TODO: Anything else?
I thank everyone who helped with SRFI 103: Library Files. I thank all those who participated during the draft period of this SRFI. I thank David Van Horn for editing this SRFI and for suggesting it be separated from SRFI 103.
Copyright (C) Derick Eddington (2009). All Rights Reserved.
Permission is hereby granted, free of charge, to any person obtaining a copy of this software and associated documentation files (the "Software"), to deal in the Software without restriction, including without limitation the rights to use, copy, modify, merge, publish, distribute, sublicense, and/or sell copies of the Software, and to permit persons to whom the Software is furnished to do so, subject to the following conditions:
The above copyright notice and this permission notice shall be included in all copies or substantial portions of the Software.

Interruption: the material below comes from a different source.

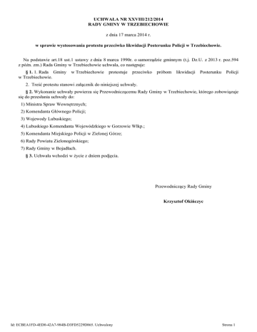 UCHWAŁA NR XXVIII/212/2014 RADY GMINY W TRZEBIECHOWIE z dnia 17 marca 2014 r. w sprawie wystosowania protestu przeciwko likwidacji Posterunku Policji w Trzebiechowie. Na podstawie art.18 ust.1 ustawy z dnia 8 marca 1990r. o samorządzie gminnym (t.j. Dz.U. z 2013 r. poz.594 z póżn. zm.) Rada Gminy w Trzebiechowie uchwala, co następuje: § 1. 1. Rada Gminy w Trzebiechowie. w Trzebiechowie protestuje przeciwko próbom likwidacji Posterunku Policji 2. Treść protestu stanowi załącznik do niniejszej uchwały. § 2. Wykonanie uchwały powierza się Przewodniczącemu Rady Gminy w Trzebiechowie, którego zobowiązuje się do przesłania uchwały do: 1) Ministra Spraw Wewnętrznych; 2) Komendanta Głównego Policji; 3) Wojewody Lubuskiego; 4) Lubuskiego Komendanta Wojewódzkiego w Gorzowie Wlkp.; 5) Komendanta Miejskiego Policji w Zielonej Górze; 6) Rady Powiatu Zielonogórskiego; 7) Rady Gminy w Bojadłach. § 3. Uchwała wchodzi w życie z dniem podjęcia. Przewodniczący Rady Gminy Krzysztof Okińczyc Id: ECBEA1FD-4ED0-42A7-984B-D3FD5229D865. Uchwalony Strona 1 Załącznik Nr 1 do Uchwały Nr XXVIII/212/2014 Rady Gminy w Trzebiechowie z dnia 17 marca 2014 r. Protest Rady Gminy w Trzebiechowie przeciwko likwidacji Posterunku Policji w Trzebiechowie. Rada Gminy w Trzebiechowie po raz kolejny ( ostatnia Uchwała Nr X/71/2011 Rady Gminy w sprawie wyrażenia sprzeciwu wobec zamiaru likwidacji Posterunku Policji w Trzebiechowie została podjęta w dniu 27 października 2011r), stanowczo sprzeciwia się likwidacji Posterunku Policji w Trzebiechowie. Szczególnie niepokojący jest fakt, że ogranicza się społeczeństwu lokalnemu dostępność do policji w sytuacjach zagrożenia, czyli wtedy kiedy występuje zwiększona przestępczość. Wzbudziło to w naszej społeczności ogromne poczucie niesprawiedliwości i stanowczy sprzeciw. Dla nas wszystkich powszechne jest przekonanie, że bezpieczeństwo na terenie Gminy Trzebiechów zapewnia właśnie istnienie Posterunku. Z pewnością likwidacja Posterunku nie wpłynie na poprawę poczucia bezpieczeństwa mieszkańców, a może doprowadzić do zwiększenia liczby patologii i przestępstw, ponieważ brak dyżurów będzie skutkować brakiem zgłoszeń o ewentualnych przestępstwach i co za tym idzie, wzrostem przestępczości. W chwili obecnej mieszkańcy mogą szybko dotrzeć i osobiście porozmawiać z funkcjonariuszem, zgłosić jakiś problem, przestępstwo, co jest ogromnie ważne dla społeczeństwa. W naszej ocenie niedopuszczalne jest, by w gminie w której jest spokojnie i względnie bezpiecznie, przewiduje się likwidację Posterunku. Gmina, która zgodnie z ustawą o samorządzie gminnym jest odpowiedzialna za zapewnienie bezpieczeństwa i porządku publicznego, zostaje pozbawiona takiej możliwości. Od wielu lat Gmina Trzebiechów i Bojadła znacząco dofinansowuje lokalną Policję. Planowana „reorganizacja„ podważa więc celowość naszych działań, a przede wszystkim takie działanie burzy relację między lokalną społecznością a policją, co niewątpliwie będzie miało wpływ na obniżenie poczucia bezpieczeństwa mieszkańców Gminy Trzebiechów i Bojadła, gdyż Posterunek swoim zasięgiem obejmuje dwie Gminy Trzebiechów i Bojadła. Naszym zdaniem niedopuszczalne jest aby Rada Gminy podjęła uchwałę wyrażającą sprzeciw wobec likwidacji Posterunku, Komendant Główny Policji odpowiada, że Posterunek zostaje a po dwóch latach względnego spokoju Komenda Miejska Policji w Zielonej Górze organizuje „debatę” przedstawiając propozycję „reorganizacji” Posterunku de facto „likwidację” tylko w jednej wsi na terenie Gminy Trzebiechów, w której uczestniczy 50 osób w tym są to radni, sołtysi, i pracownicy Urzędu Gminy sprzeciwiający się likwidacji Posterunku. Mając na uwadze realne zagrożenie związane z takim stanem rzeczy, Rada Gminy w Trzebiechowie, w trosce o bezpieczeństwo naszych mieszkańców stanowczo protestuje przeciwko takim posunięciom i wzywa adresatów niniejszej uchwały do podjęcia działań popierających nasze starania o utrzymanie Posterunku Policji w Trzebiechowie. Id: ECBEA1FD-4ED0-42A7-984B-D3FD5229D865. Uchwalony Strona 1 Stanowisko Rady Gminy w Trzebiechowie z dnia 20 września 2011r. w sprawie planów likwidacji Posterunku Policji w Trzebiechowie. Rada Gminy w Trzebiechowie wyraża zaniepokojenie zamiarem likwidacji w Trzebiechowie , obejmującej swym zasięgiem dwie Gminy: Trzebiechów i Bojadła. Posterunku Policji Likwidacja jednostki i przeniesienie czterech funkcjonariuszy do Sulechowa byłoby bardzo niekorzystne dla mieszkańców Gmin Trzebiechów i Bojadła liczących 6630 mieszkańców ( gmina Bojadła 3359 i gmina Trzebiechów 3271), obejmujących 24 wsie. W ocenie Rady taka decyzja nie spowoduje poprawy skuteczności działania policji, wręcz odwrotnie, pozbawi mieszkańców możliwości współpracy z lokalną policją oraz nie da nam poczucia bezpieczeństwa, zagwarantowanego w art. 5 Konstytucji Rzeczypospolitej Polskiej. Obydwie Gminy przez lata dofinansowywały posterunek policji, gmina Trzebiechów użyczyła budynek, za który nie pobiera żadnych opłat , zakupiła samochód. Gmina Bojadła kupuje paliwo, meble, sprzęt biurowy, zakupiła kserokopiarkę. Pragniemy zwrócić uwagę na fakt, iż likwidacja Posterunku spowoduje wzrost zagrożenia mieszkańców gminy wykroczeniami i przestępstwami pospolitymi, które w sposób znaczący utrudniają życie mieszkańcom. Ostatnie wydarzenia na terenie Gmin pozwalają na stwierdzenie, że brak jednostki Policji na tym terenie może spowodować wzrost zagrożenia dla życia i zdrowia mieszkańców. Kolejnym efektem likwidacji Posterunku będzie wzrost wybryków chuligańskich, przypadków nagminnego łamania przepisów „Prawo o ruchu drogowym” oraz faktów dewastacji i niszczenia mienia tak społecznego jak i prywatnego. Istotnym argumentem za pozostawieniem Posterunku w Trzebiechowie jest równie

THE SOFTWARE IS PROVIDED "AS IS", WITHOUT WARRANTY OF ANY KIND, EXPRESS OR IMPLIED, INCLUDING BUT NOT LIMITED TO THE WARRANTIES OF MERCHANTABILITY, FITNESS FOR A PARTICULAR PURPOSE AND NONINFRINGEMENT. IN NO EVENT SHALL THE AUTHORS OR COPYRIGHT HOLDERS BE LIABLE FOR ANY CLAIM, DAMAGES OR OTHER LIABILITY, WHETHER IN AN ACTION OF CONTRACT, TORT OR OTHERWISE, ARISING FROM, OUT OF OR IN CONNECTION WITH THE SOFTWARE OR THE USE OR OTHER DEALINGS IN THE SOFTWARE.